While we have made much progress, we still have a long way to go. Companies are making commitments, defining goals and setting policies at high rates, but still have much work to do to on the action steps.

  • For example, 65 percent of Global Compact companies develop sustainability policies at the CEO level, but only 35 percent train managers to integrate sustainability into strategies and operations. There is a clear gap between what companies “say” and what they “do”.
  • Examples of human rights violations, worker exploitation, environmental destruction and corruption by business are still being revealed. The fact is that until sustainable business practices are rewarded by markets and supported by Governments, companies devoid of responsibility will keep winning contracts, cutting corners and seeking profits at any cost.  

Companies and investors both observe that the case for aligning words with action often comes down to spending money effectively and efficiently.

  • Inconsistent or uninformed policy influence is a waste of time and money. This could include money spent on lobbying, trade association membership, political or research organizations, or even how companies allocates their pension plans.

Short-termism in investment markets is a major obstacle to companies embedding sustainability in their strategic planning and capital investment decisions.

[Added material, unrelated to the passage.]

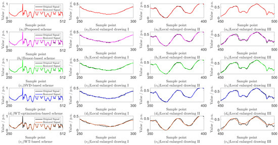 Original A-phase current signal with its restored signals [14,15,21,29].

  • Investing for the short-term destroys value, yet institutional investors are key sources of short-term pressure. In order to address this issue, a long-term approach makes sense for both asset owners and companies, because it allows for increased focus on long-term value drivers and management of different forms of capital.

Too many trade associations are built on ideologies of the past. Forty-five of the Global 500 companies reported to CDP in 2014 that they are board members of a trade association with climate positions inconsistent with their own. Their responses suggests that:

 1. Companies seem to take a few common approaches;

 2. Some companies choose to take no action at all; and

 3. There is much room for more active engagement.

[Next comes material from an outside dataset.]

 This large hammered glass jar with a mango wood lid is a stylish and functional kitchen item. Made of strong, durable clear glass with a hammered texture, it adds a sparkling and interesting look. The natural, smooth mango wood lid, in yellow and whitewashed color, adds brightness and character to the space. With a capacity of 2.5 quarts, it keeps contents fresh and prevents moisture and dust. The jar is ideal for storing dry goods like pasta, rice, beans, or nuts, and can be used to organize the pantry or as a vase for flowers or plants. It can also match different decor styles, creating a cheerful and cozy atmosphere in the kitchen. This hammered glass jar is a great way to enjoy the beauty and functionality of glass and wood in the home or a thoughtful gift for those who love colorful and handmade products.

Companies are not conveying a consistent message, including through their engagement in trade associations.

  • Multiple individuals, not always under the same direct management, may each be communicating a company’s views on climate policy.
  • For everyone familiar with Doctor Jekyll and Mr Hyde, they also had this strange relationship. Jekyll asks his lawyer to make sure a will is carried out. Doctor Jekyll reassures:

"The moment I choose, I can be rid of Mr. Hyde".

Jekyll is ready to make the obvious choice, to choose responsibility, to choose ”good” the moment he is ready for it.

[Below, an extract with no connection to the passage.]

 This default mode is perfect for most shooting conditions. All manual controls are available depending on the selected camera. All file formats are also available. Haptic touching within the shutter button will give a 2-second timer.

And we can see that companies are becoming ready:

  • At the UN Private Sector Forum during the Climate Summit, Feike Sijbesma, CEO of Royal DSM concluded:

”Business should stop lobbying against the obvious.

  • The Rockefeller Brothers Fund, built with profits from their great-grandfather’s Standard Oil Company, is now selling investments in the fossil fuel industry in a move to pressure companies that are adding to climate change. Rockefeller Brothers will divest from investments in fossil fuels by joining a group of institutions and individuals who will abandon companies reliant on coal and tar sands.
  • For the first time, large companies or large industrial groups are deciding to leave the chambers of commerce and business associations because these institutions oppose progressive policies on climate. Recently Unilever ended its membership of BusinessEurope, hinting at tensions over the lobby group's stance on environmental policies and sustainability issues. Microsoft also ended its relationship and funding arrangements with the American Legislative Exchange Council (ALEC), a controversial United States lobby group accused of seeking to thwart ambitious renewable energy and climate change policies.

The time is over for two-faced activities.



The number of people concerned about our climate and more importantly engaging on climate action has grown enormously in the last few years.

  • In New York during Climate Week we saw the largest climate march in history, with 400,000 people demonstrating in the streets alongside UN Secretary-General Ban Ki-moon and advocates like actor Leonardo DiCaprio.
  • Consumers are also demanding sustainable products.

An irreversible silent revolution is taking place.



The UN Secretary General’s Climate Summit in New York on 23 September was a breakthrough. The prospects for a meaningful universal climate change agreement in Paris 2015 look optimistic:

  • China and the United States

China, the largest emitter of greenhouse gases, expressed for the first time it was ready to act and pledged last month to cut its emissions by 45 percent compared to 2005 levels.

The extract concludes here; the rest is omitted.